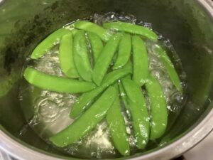 ①さやえんどうは筋を取って洗い、熱湯でさっと茹で流水で冷まし、ザルにあけておく。
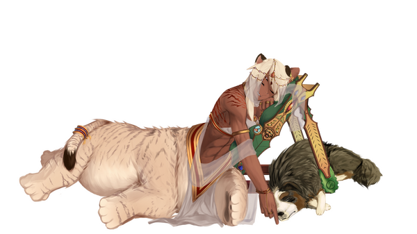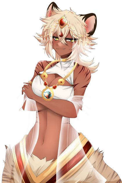 Since birth, Seraphina has had a natural affinity for solar magic. She was gifted at a young age and her efforts had not gone by unnoticed, giving her the chance to become a mentee underneath a well-established shaman.Though it remains as speculation and rumors, there is gossip amongst her old tribe that a jealous individual had cursed her with black magic — in doing so, causing a temporary shift to her affinity from solar into lunar. This shift is so drastic and quick, that it causes a complete change in personality and an altered form — an aggressive variant of Seraphina would emerge during a solar eclipse, when the sun is completely blotted out by the moon.Since her affliction, she has trained herself from day-in to day-out before setting foot outside of her homeland. Though she wished to stay, there was the fear that she would hurt those she loved and cherished back home.Over the years, she had eventually founded The Sunlit Ward, a safe haven for those to rest at and recover. She has also wandered into "The Dead Zones", which is lands blighted by dark magic to the point of causing rot and decay — venturing out in rescue missions to save whomever she can from those areas.Though she wishes to spread healing to as many that she can reach, Seraphina has also been desperately in search of a cure in secret during her adventures.
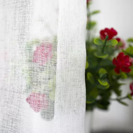 Gotowa do zawieszenia firana wykonana z materiału Etamina pozwala na odważne łączenie struktur w indywidualnych projektach. Jej jednolita struktura stanowi doskonałe tło dla aranżacji wnętrza, nie przytłaczając przestrzeni.
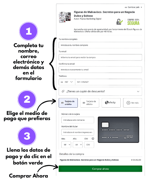 Entiendo tu preocupación. Debes saber que el Ebook original Figuras de Malvavisco – Secretos para un Negocio Dulce y Exitoso SOLO se vende a través de esta página oficial (dulcescreaciones.lat)
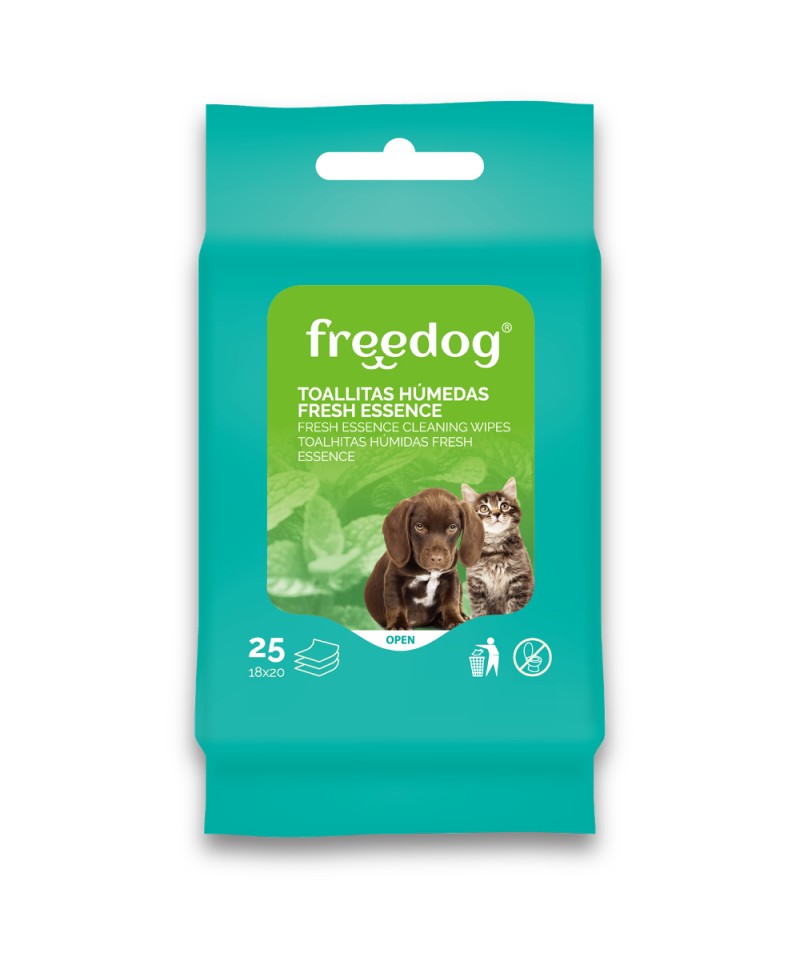 As toalhitas húmidas Freedog são perfeitas para ter sempre à mão na higiene do seu animal de estimação, eliminando os maus odores e limpando a fundo o pelo e as patas após o passeio diário. As toalhitas Freedog são também recomendáveis na higiene e limpeza da cara, orelhas e zona anal.

........

■ **REQUIRED WORK**
Once more, please print all the lines above exactly, without their pictures.

■ **EXERCISE RESULT**
 ①さやえんどうは筋を取って洗い、熱湯でさっと茹で流水で冷まし、ザルにあけておく。
 Since birth, Seraphina has had a natural affinity for solar magic. She was gifted at a young age and her efforts had not gone by unnoticed, giving her the chance to become a mentee underneath a well-established shaman.Though it remains as speculation and rumors, there is gossip amongst her old tribe that a jealous individual had cursed her with black magic — in doing so, causing a temporary shift to her affinity from solar into lunar. This shift is so drastic and quick, that it causes a complete change in personality and an altered form — an aggressive variant of Seraphina would emerge during a solar eclipse, when the sun is completely blotted out by the moon.Since her affliction, she has trained herself from day-in to day-out before setting foot outside of her homeland. Though she wished to stay, there was the fear that she would hurt those she loved and cherished back home.Over the years, she had eventually founded The Sunlit Ward, a safe haven for those to rest at and recover. She has also wandered into "The Dead Zones", which is lands blighted by dark magic to the point of causing rot and decay — venturing out in rescue missions to save whomever she can from those areas.Though she wishes to spread healing to as many that she can reach, Seraphina has also been desperately in search of a cure in secret during her adventures.
 Gotowa do zawieszenia firana wykonana z materiału Etamina pozwala na odważne łączenie struktur w indywidualnych projektach. Jej jednolita struktura stanowi doskonałe tło dla aranżacji wnętrza, nie przytłaczając przestrzeni.
 Entiendo tu preocupación. Debes saber que el Ebook original Figuras de Malvavisco – Secretos para un Negocio Dulce y Exitoso SOLO se vende a través de esta página oficial (dulcescreaciones.lat)
 As toalhitas húmidas Freedog são perfeitas para ter sempre à mão na higiene do seu animal de estimação, eliminando os maus odores e limpando a fundo o pelo e as patas após o passeio diário. As toalhitas Freedog são também recomendáveis na higiene e limpeza da cara, orelhas e zona anal.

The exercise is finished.